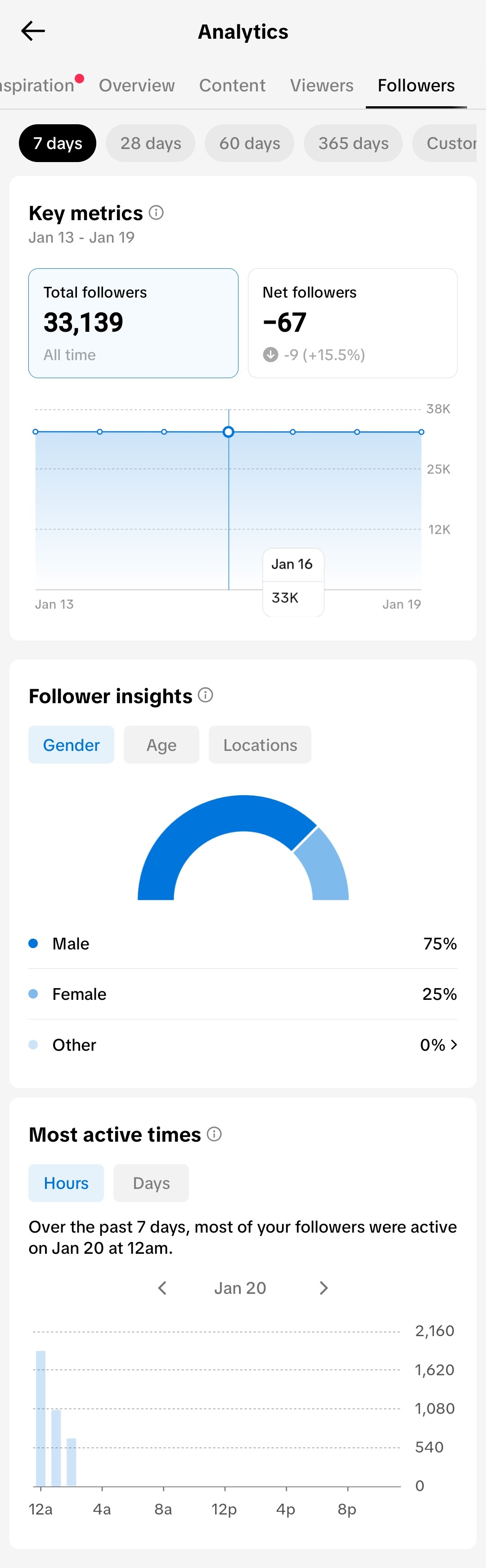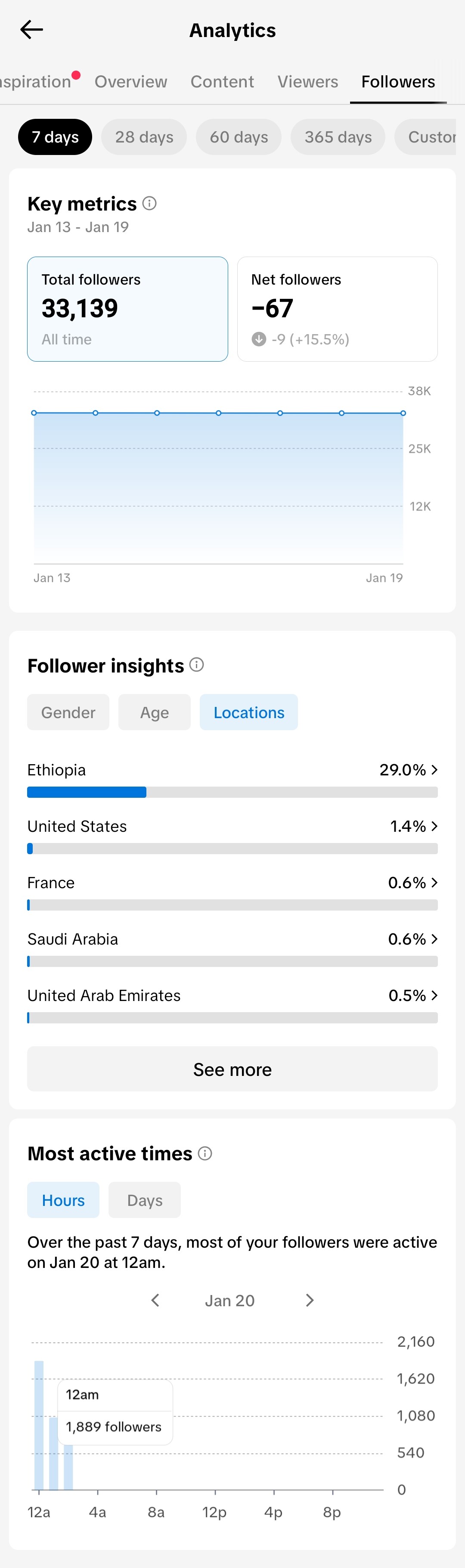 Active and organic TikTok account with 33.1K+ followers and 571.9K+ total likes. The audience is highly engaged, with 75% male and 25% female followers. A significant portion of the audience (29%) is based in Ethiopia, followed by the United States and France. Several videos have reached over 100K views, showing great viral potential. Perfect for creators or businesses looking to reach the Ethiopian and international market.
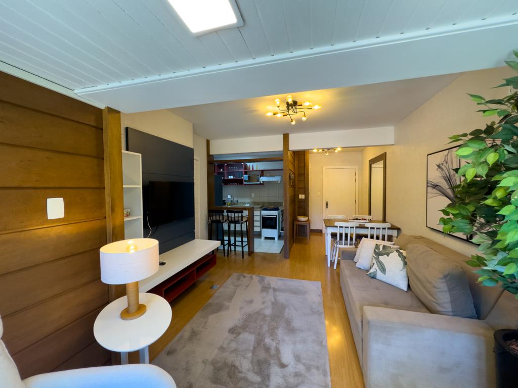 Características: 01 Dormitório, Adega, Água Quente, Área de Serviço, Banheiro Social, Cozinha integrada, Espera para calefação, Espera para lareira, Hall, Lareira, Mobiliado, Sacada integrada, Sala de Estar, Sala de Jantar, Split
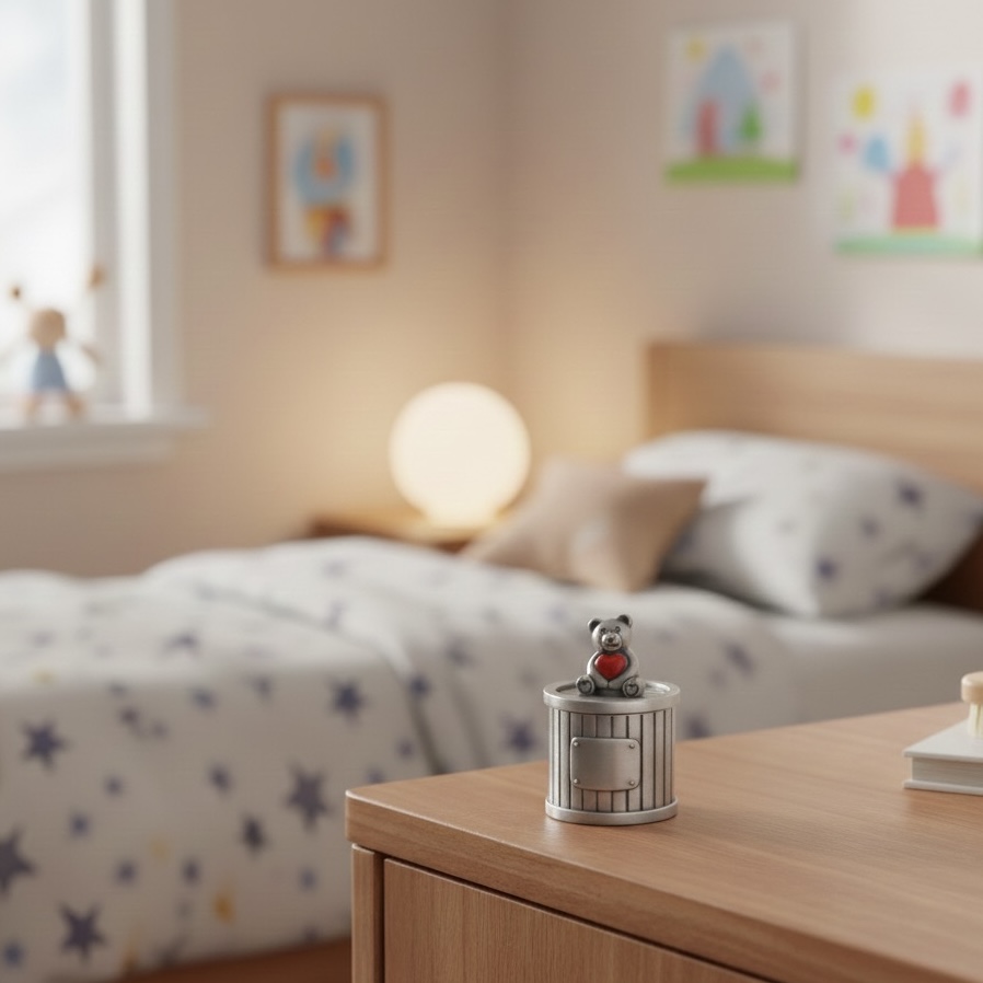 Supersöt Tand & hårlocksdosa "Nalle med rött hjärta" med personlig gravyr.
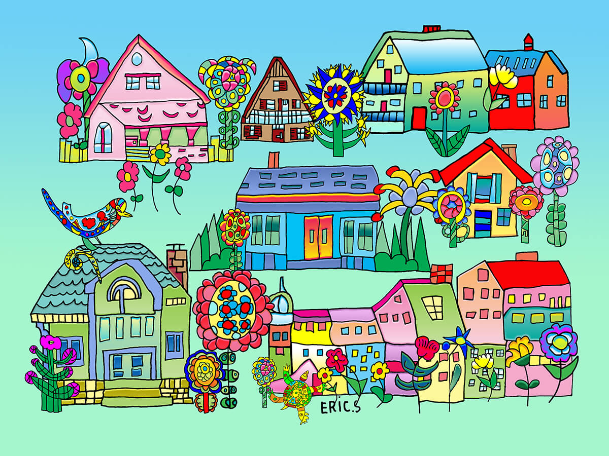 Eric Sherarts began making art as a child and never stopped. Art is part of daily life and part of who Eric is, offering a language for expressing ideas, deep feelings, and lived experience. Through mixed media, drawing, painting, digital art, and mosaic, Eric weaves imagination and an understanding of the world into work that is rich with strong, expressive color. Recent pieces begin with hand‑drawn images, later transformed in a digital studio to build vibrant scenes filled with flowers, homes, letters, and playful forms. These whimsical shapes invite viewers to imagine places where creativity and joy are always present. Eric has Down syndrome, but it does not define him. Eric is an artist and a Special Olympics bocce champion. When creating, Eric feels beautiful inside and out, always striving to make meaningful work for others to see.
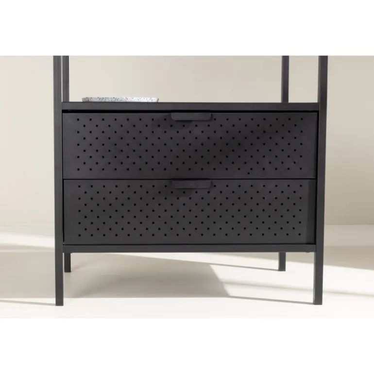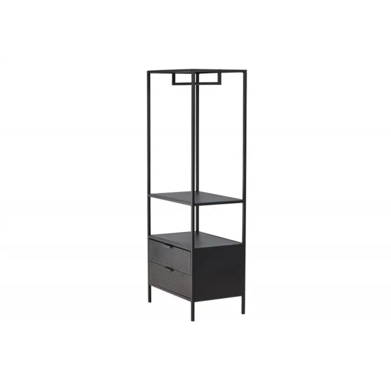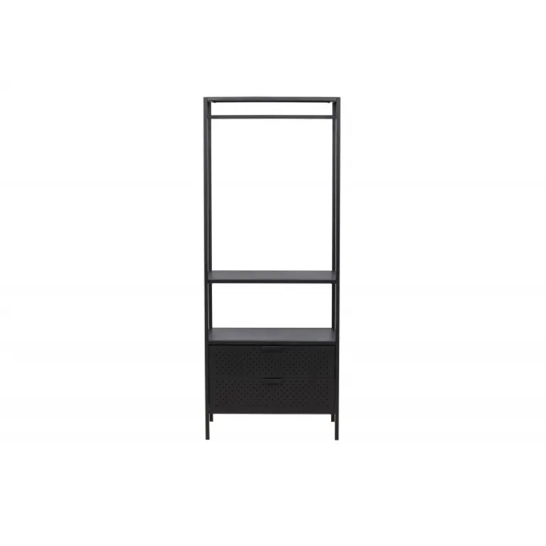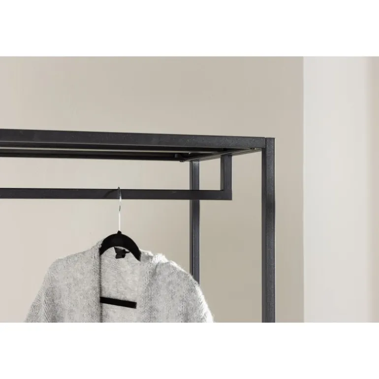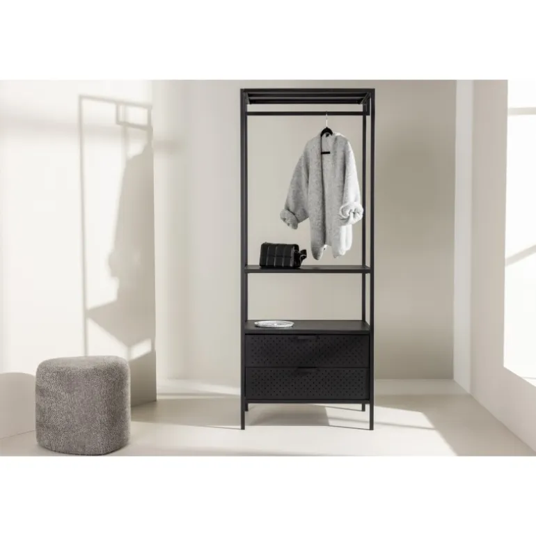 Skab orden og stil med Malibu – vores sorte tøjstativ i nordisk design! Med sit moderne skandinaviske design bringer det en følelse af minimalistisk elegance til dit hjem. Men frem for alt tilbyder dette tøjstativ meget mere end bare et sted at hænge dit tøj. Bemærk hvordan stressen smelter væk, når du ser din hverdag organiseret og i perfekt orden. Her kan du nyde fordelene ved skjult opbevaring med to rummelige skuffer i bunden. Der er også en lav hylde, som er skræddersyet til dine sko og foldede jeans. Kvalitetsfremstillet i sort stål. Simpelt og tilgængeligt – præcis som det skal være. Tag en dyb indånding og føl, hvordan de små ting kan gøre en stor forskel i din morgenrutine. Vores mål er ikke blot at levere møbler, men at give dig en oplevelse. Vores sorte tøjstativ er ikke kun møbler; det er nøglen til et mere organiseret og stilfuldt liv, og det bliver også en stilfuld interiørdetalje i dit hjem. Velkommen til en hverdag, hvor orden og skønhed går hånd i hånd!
================
Assignment:
When you copy the records above, keep every word exact and drop the pictures.

Written response:
 Active and organic TikTok account with 33.1K+ followers and 571.9K+ total likes. The audience is highly engaged, with 75% male and 25% female followers. A significant portion of the audience (29%) is based in Ethiopia, followed by the United States and France. Several videos have reached over 100K views, showing great viral potential. Perfect for creators or businesses looking to reach the Ethiopian and international market.
 Características: 01 Dormitório, Adega, Água Quente, Área de Serviço, Banheiro Social, Cozinha integrada, Espera para calefação, Espera para lareira, Hall, Lareira, Mobiliado, Sacada integrada, Sala de Estar, Sala de Jantar, Split
 Supersöt Tand & hårlocksdosa "Nalle med rött hjärta" med personlig gravyr.
 Eric Sherarts began making art as a child and never stopped. Art is part of daily life and part of who Eric is, offering a language for expressing ideas, deep feelings, and lived experience. Through mixed media, drawing, painting, digital art, and mosaic, Eric weaves imagination and an understanding of the world into work that is rich with strong, expressive color. Recent pieces begin with hand‑drawn images, later transformed in a digital studio to build vibrant scenes filled with flowers, homes, letters, and playful forms. These whimsical shapes invite viewers to imagine places where creativity and joy are always present. Eric has Down syndrome, but it does not define him. Eric is an artist and a Special Olympics bocce champion. When creating, Eric feels beautiful inside and out, always striving to make meaningful work for others to see.
 Skab orden og stil med Malibu – vores sorte tøjstativ i nordisk design! Med sit moderne skandinaviske design bringer det en følelse af minimalistisk elegance til dit hjem. Men frem for alt tilbyder dette tøjstativ meget mere end bare et sted at hænge dit tøj. Bemærk hvordan stressen smelter væk, når du ser din hverdag organiseret og i perfekt orden. Her kan du nyde fordelene ved skjult opbevaring med to rummelige skuffer i bunden. Der er også en lav hylde, som er skræddersyet til dine sko og foldede jeans. Kvalitetsfremstillet i sort stål. Simpelt og tilgængeligt – præcis som det skal være. Tag en dyb indånding og føl, hvordan de små ting kan gøre en stor forskel i din morgenrutine. Vores mål er ikke blot at levere møbler, men at give dig en oplevelse. Vores sorte tøjstativ er ikke kun møbler; det er nøglen til et mere organiseret og stilfuldt liv, og det bliver også en stilfuld interiørdetalje i dit hjem. Velkommen til en hverdag, hvor orden og skønhed går hånd i hånd!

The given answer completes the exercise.